Militants from the Turkey-backed Free Syrian Army (FSA) sold an armored vehicle belonging to the Turkish military to the Islamic State in Iraq and the Levant (ISIL), the Birgün daily reported on Wednesday.
According to the report, videos acquired by the daily show FSA militants selling or handing over an armored vehicle to ISIL militants.
The armored vehicle was used by the Turkish army in Operation Euphrates Shield in northern Syria, which ended in late March.
Birgün claimed that a tank with the tag number 243768, worth over $600,000, was first seen with a FSA militant in a video and later in a different ISIL video in which an ISIL member points to the vehicle and says “booty.”
According to Birgün, Turkey’s General Staff has launched an investigation into the incident but no results have yet been obtained.

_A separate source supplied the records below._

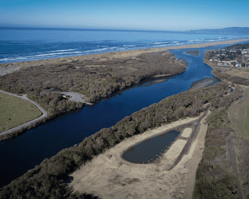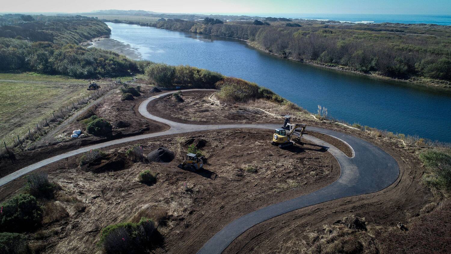 At the close of 2022, the construction of the backwater pond, channel and public access amenities are substantially complete. Three miles from the mouth of the river, the Baduwa’t and tides now carry lightly salty water, fish, and aquatic invertebrates in and out of a newly constructed 1,000 foot channel and a 4-acre complex of riparian wetlands with a large pond. Native plants were planted by California Conservation Corps crews in November and December and are wintering, waiting for a warm day in the spring to spread out new leaves.
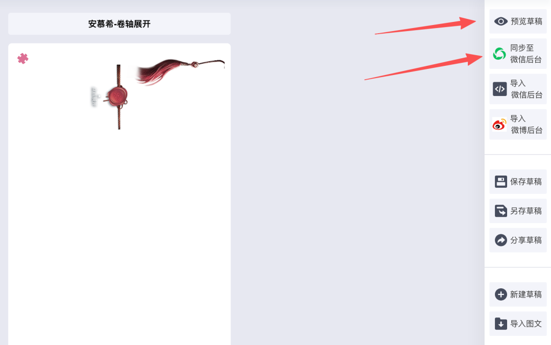 最右侧「预览草稿」可随时扫码预览效果,效果满意后点击「同步至微信后台」同步到自己的公众号就可以了。
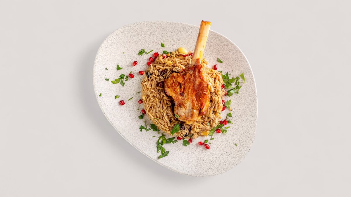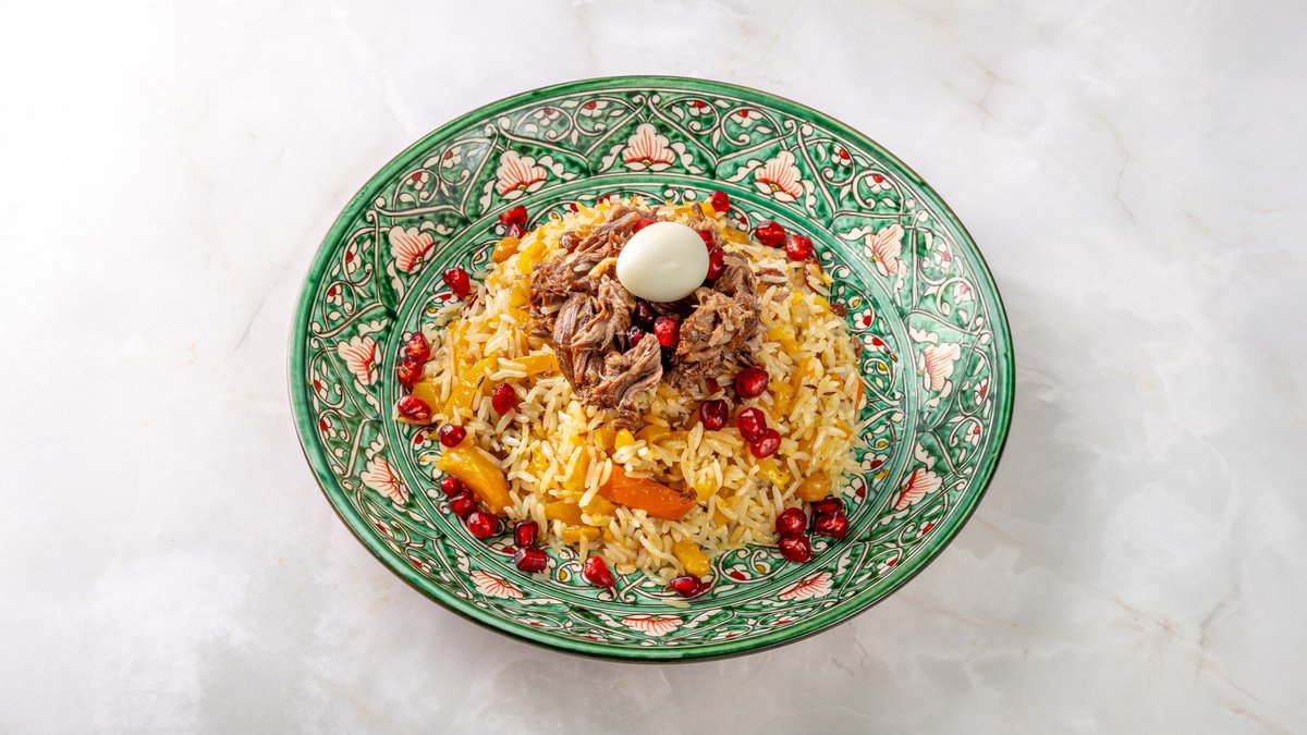 плов с сочным мясом ягненка,
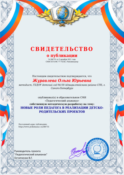 Журавлева Ольга Юрьевна НОВЫЕ РОЛИ ПЕДАГОГА В РЕАЛИЗАЦИИ ДЕТСКО-РОДИТЕЛЬСКИХ ПРОЕКТОВ / О. Ю. Журавлева. – Текст : электронный // Педагогический альманах : электронное СМИ. - URL: https://www.pedalmanac.ru/286751. - Дата публикации: 5 декабря 2021.
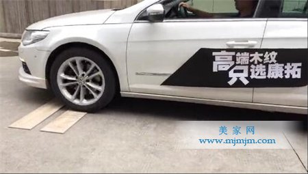 前面幾個特性的測試效果都很不錯。那這款瓷磚抗壓性又如何呢,一起來看看。為了測試抗壓性,幾經討論之后,最終決定用小車來做道具,小小木紋磚想要挑戰1.7噸的CC,檢測人員表示質疑。從受力的角度來說,200*1200*10MM的小片瓷磚受力面積很窄,能HOLD住小車的重壓嗎?
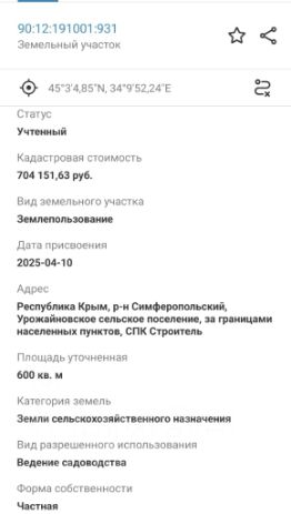 Продам садовый участок р-н Симферопольский, Урожайновское сельское поселение, за границами населенных пунктов, СПК Строитель
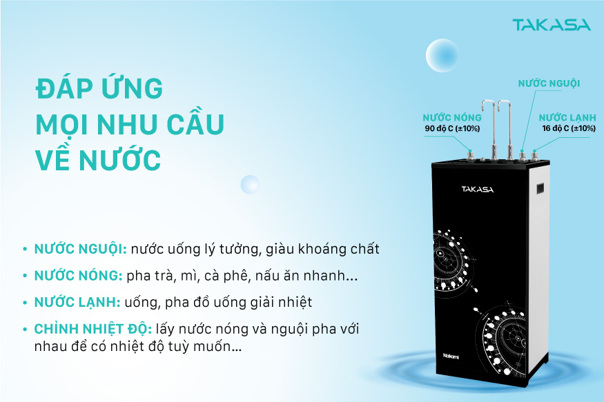 Máy lọc nước RO nóng nguội Takasa TAW-42210H với 2 chế độ nóng nguội đa nhiệm, đem lại dòng nước sạch tươi mát tốt cho sức khỏe phù hợp sử dụng cho gia đình, nhà trường, bệnh viện hay tại các văn phòng làm việc.
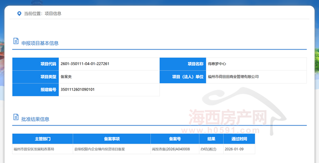 海西房产网(微信公众号:fjhxfcw)消息:福建省投资项目在线审批监管平台公布信息显示,位于福州五四北新盘“得意梦中心”已于2026年1月9日通过备案报建。
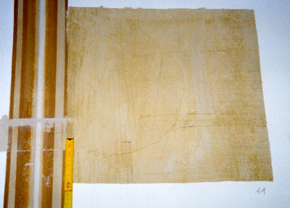 L’ambiente si presenta di scarso valore decorativo, rappresentando probabilmente una stanza di secondaria importanza. Al di sotto di numerose mani di tinteggiatura a tempera di colore bianco, si rileva un livello di tinteggiatura di colore giallo, caratterizzata in basso da uno zoccolo monocromo di colore grigio scuro, successivamente ritinteggiato con un colore rosso-bruno. Mancano completamente fasce decorative attorno alle aperture, sia porte che finestre. Al di sotto di questo livello se ne rileva uno precedente, a diretto contatto col corpo dell’intonaco: si tratta di una tinteggiatura di colore nocciola chiaro, sulle tonalità rilevate in gran parte degli ambienti del complesso. Anche il livello nocciola non presenta fasce decorative. |
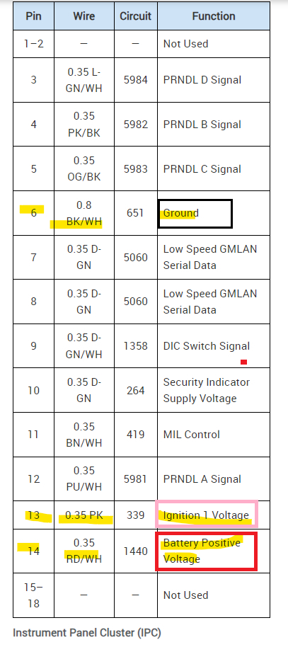 Since power comes from the BCM to power the Cluster, if either power feed is missing 12volts, then you go to the BCM and see if the power is missing there as well. But this is after checking the 12volts and ground at the Cluster.
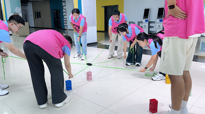 培训课程内容丰富多元,涵盖团队协作拓展与职业心理建设等多个关键领域。体育学院教师李献震、马红霞则通过一系列的拓展训练项目,如达·芬奇密码、盲人方阵、不倒森林等,让新员工在实践中切实提升团队协作能力、沟通技巧与应变能力。

A Turkish soldier whose name was not disclosed told Birgün that “the operation was run under very difficult conditions. There was no food and no place to bathe. There was a double standard between our [Turkish Armed Forces] soldiers and the FSA members. They [FSA] had better conditions. Moreover, FSA members sold an armored vehicle. It was ours. Most of the FSA militants were thieves, drug abusers and smugglers.”
Over 70 Turkish soldiers lost their lives during the eight-month-long operation in northern Syria.